The following function takes two URLs, the URL from which the feed was retrieved and the URL found in the content of the feed, and returns an absolute URL. This absolute URL may just be the URL found within the content of the feed, or some work may be done to interpret the link:

 function relativeToAbsolute($sourceURL, $link) {  $sup = parse_url($sourceURL);

relativeToAbsolute() is called with the source URL and the link in question. The source URL is then divided into parts with parse_url(). The source URL needs to be worked with because it may include a script name (such as http://example.org/feed.php) or even query elements (http://example.org/feed.php?format=rss&sort=desc), which need to be removed.
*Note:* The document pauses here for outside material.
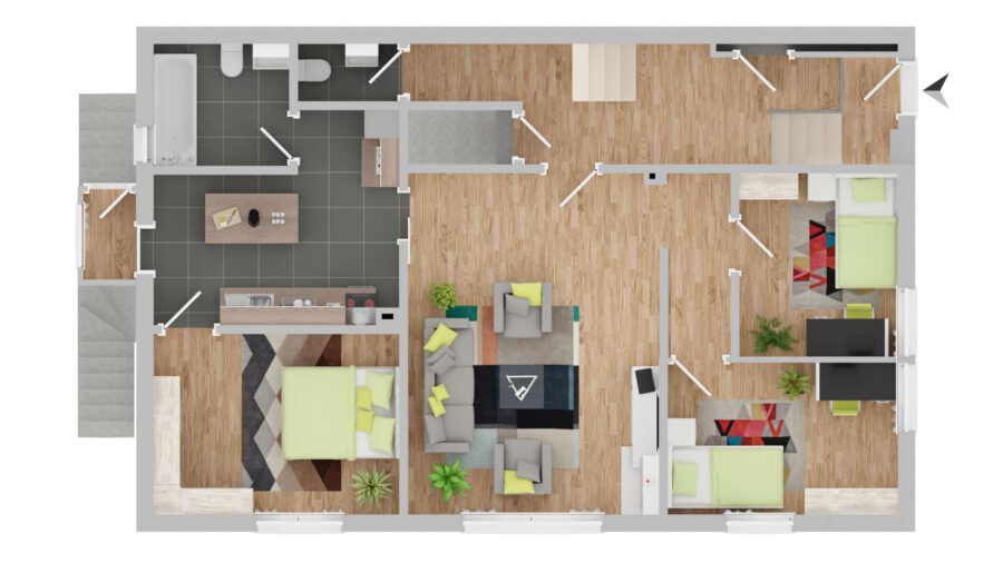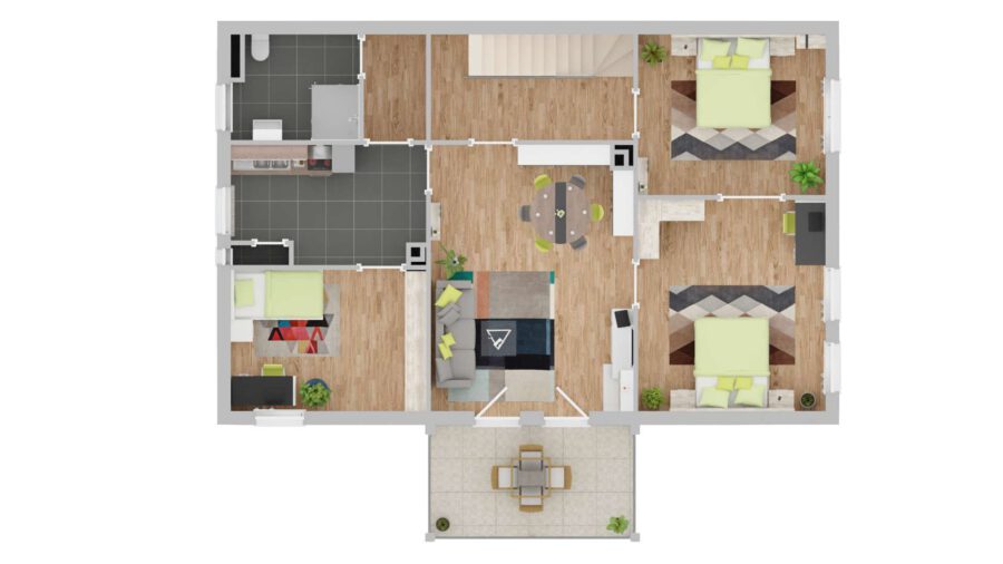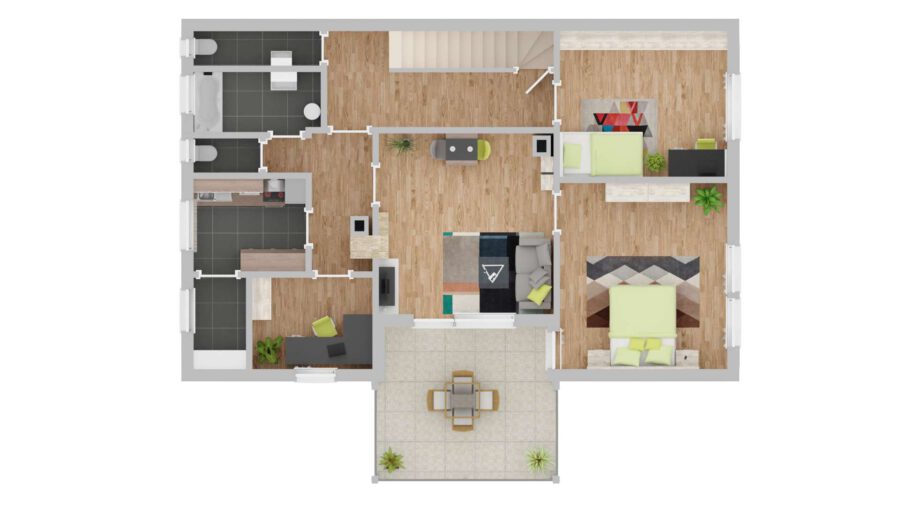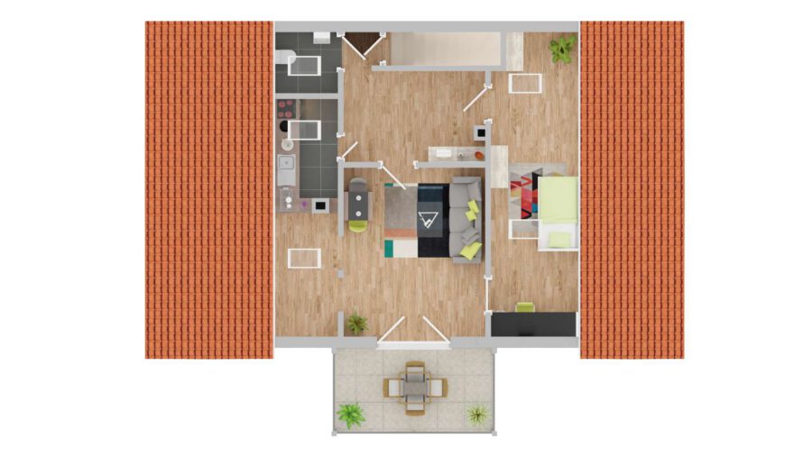 Das Dachgeschoss hat ca. 60 qm und zwei Schlafzimmer, einen offenen Wohn-Essbereich und ein Badezimmer sowie Zugang auf den Balkon.

This is where the previous function comes in.

 if (!isset($sup['scheme'])) {  $sourceURL = "http://" . $sourceURL;  $sup = parse_url($sourceURL); }

If the source URL didn't contain a scheme (ftp://, http://, https://), prepend the http scheme and re-parse the URL. This needs to be done because running parse_url() on URLs without a scheme yields undesirable results:

 $sourceURL = $sup['scheme'] . "://" . $sup['host'] . getPathOnly($sup['path']);

Using the scheme and host from parse_url, combined with the path run through the previous function, should result in a nice clean URL to work with, with a trailing slash.

 $start = substr($link, 0, 1);

The first character of the passed link will be used a few times, so it is saved.

 if($start == '.') {  if (substr($link, 0, 2) == "./")  {     $final = $sourceURL . substr($link, 2);

If the link starts with a period, and indeed starts with period slash, the absolute URL for the link in question is simply the source URL, followed by the link (period and slash removed).

  }else if (substr($link, 0, 3) == "../")  {    $sup = parse_url($sourceURL);    $pathParts = explode("/", $sup['path']);    array_pop($pathParts);    while ((substr($link, 0, 3) == "../") & (count($pathParts) > 0))     {      $x = array_pop($pathParts);      $link = substr($link, 3);    }     $final =  $sup['scheme'] . "://" . $sup['host'] . implode("/", $pathParts) "/"       . $link;

If the link starts with ../ the source URL must be traversed upwards, the source URL is again parsed into its parts, and the path is exploded into an array. array_pop() is used to remove the last element of the array (the leading and trailing slashes in the path result in the first and last array elements being empty; this doesn't matter when the implode() function is called, but it comes into play when a content filled element must be removed from the end). By placing the logic to traverse the path one directory up, and removing the ../ from the link in a loop, relative links such as ../../logo.png can be processed.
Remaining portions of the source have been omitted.